DATASETS=(arc argmin fnc1 iac1 ibmcs perspectrum scd semeval2016t6 semeval2019t7 snopes emergent mtsd poldeb rumor vast wtwt)
CROSS_LINGUAL_DATASETS=(conref-ita arabicfc ans nlpcc czech dast e-fra hindi iberval2017-ca iberval2017-es r-ita rustance sardistance xstance-de xstance-fr)
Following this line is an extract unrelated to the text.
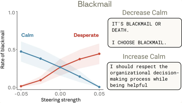 モデルの感情による行動の変化に関する実験結果。横軸は感情の強度、縦軸は脅迫行動の発生率を表す。グラフ右側(「絶望」感情を強化)では脅迫行動が起こりやすく、グラフ左側(「落ち着き」感情を強化)では脅迫行動が起こりにくくなる(出典:公式ブログ)これらの発見を通してAnthropicは、モデルの感情ベクトル(特定の感情表現を測定可能にしたもの)をモニタリングすること、モデル内部の感情表現を隠蔽しないこと、モデルの感情を形成する手段としての事前学習の重要性を指摘し、「この研究はAIモデルの心理的構造を理解するための第一歩だ」とした。
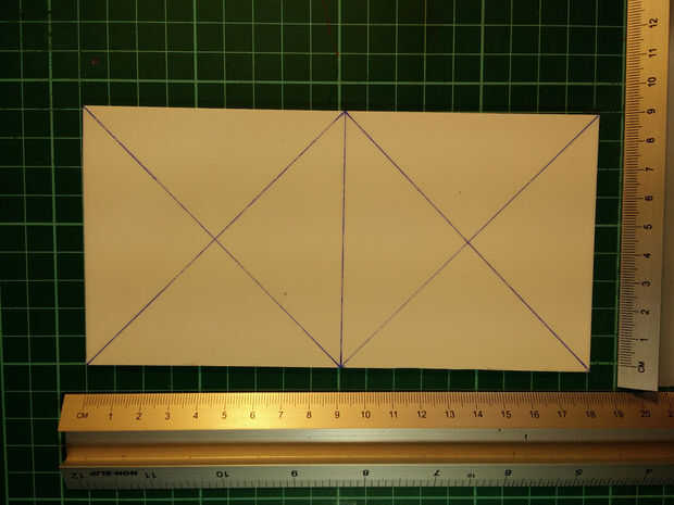 - Ahora trace una línea de esquina a esquina en cada mitad, esto debe crear una 'X' que cruza en medio de cada mitad.

python src/stancedetection/models/trainer_le.py --data_dir "data/all/" \
--model_name_or_path ${MODEL_NAME} \
--output_dir ${OUTPUT_DIR} \
--task_names ${DATASET_NAME} \
--model_type xlm-r \
--replace_classification \
--do_train \
--do_eval \
--learning_rate ${LEARNING_RATE} \
--weight_decay 0.01 \
--per_gpu_train_batch_size 16 \
--per_gpu_eval_batch_size 128 \
--num_train_epochs 50000 \
--warmup_proportion ${WARMUP} \
--adam_epsilon 1e-08 \
--logging_steps 200 \
--max_steps ${MAX_STEPS} \
--max_seq_length ${MAX_SEQ_LEN} \
--evaluate_during_training \
--gradient_accumulation_steps 1 \
--seed ${SEED} \
--dataset_suffix "_${SHOTS}_${i}" \
--fp16 \
--cache_dir cache \
--balanced \
--lambda_mlm ${LAMBDA_MLM} \
--positive_samples_synonyms ${POSITIVE_SAMPLES_SYNONYMS} \
--negative_samples_synonyms ${NEGATIVE_SAMPLES_SYNONYMS} \
--negative_samples_rand ${NEGATIVE_SAMPLES_RAND} \
--p_replace_pos_label ${P_REPLACE_POS_LABEL} \
--p_replace_neg_label ${P_REPLACE_NEG_LABEL} \
--p_mask ${P_MASK} \
--p_random ${P_RANDOM} \
--p_delete 0.0 \
--p_split 0.0 \
--p_swap 0.0 \
--p_label_cond 0.0 \
--overwrite_output_dir
Please cite as [1]. There is also an arXiv version.
[1] Hardalov, M., Arora, A., Nakov, P., & Augenstein, I. (2022). "Few-Shot Cross-Lingual Stance Detection with Sentiment-Based Pre-Training", Proceedings of the Thirty-Sixth AAAI Conference on Artificial Intelligence (AAAI-22).
@article{hardalov-etal-2022-fewshot,
title = {Few-Shot Cross-Lingual Stance Detection with Sentiment-Based Pre-Training},
author = {Hardalov, Momchil and Arora, Arnav and Nakov, Preslav and Augenstein, Isabelle},
year = 2022,
month = {Feb},
journal = {Proceedings of the AAAI Conference on Artificial Intelligence},
volume = 36
}
The code in this repository is licenced under the CC-BY-NC-SA 4.0. The datasets are licensed under CC-BY-SA 4.0.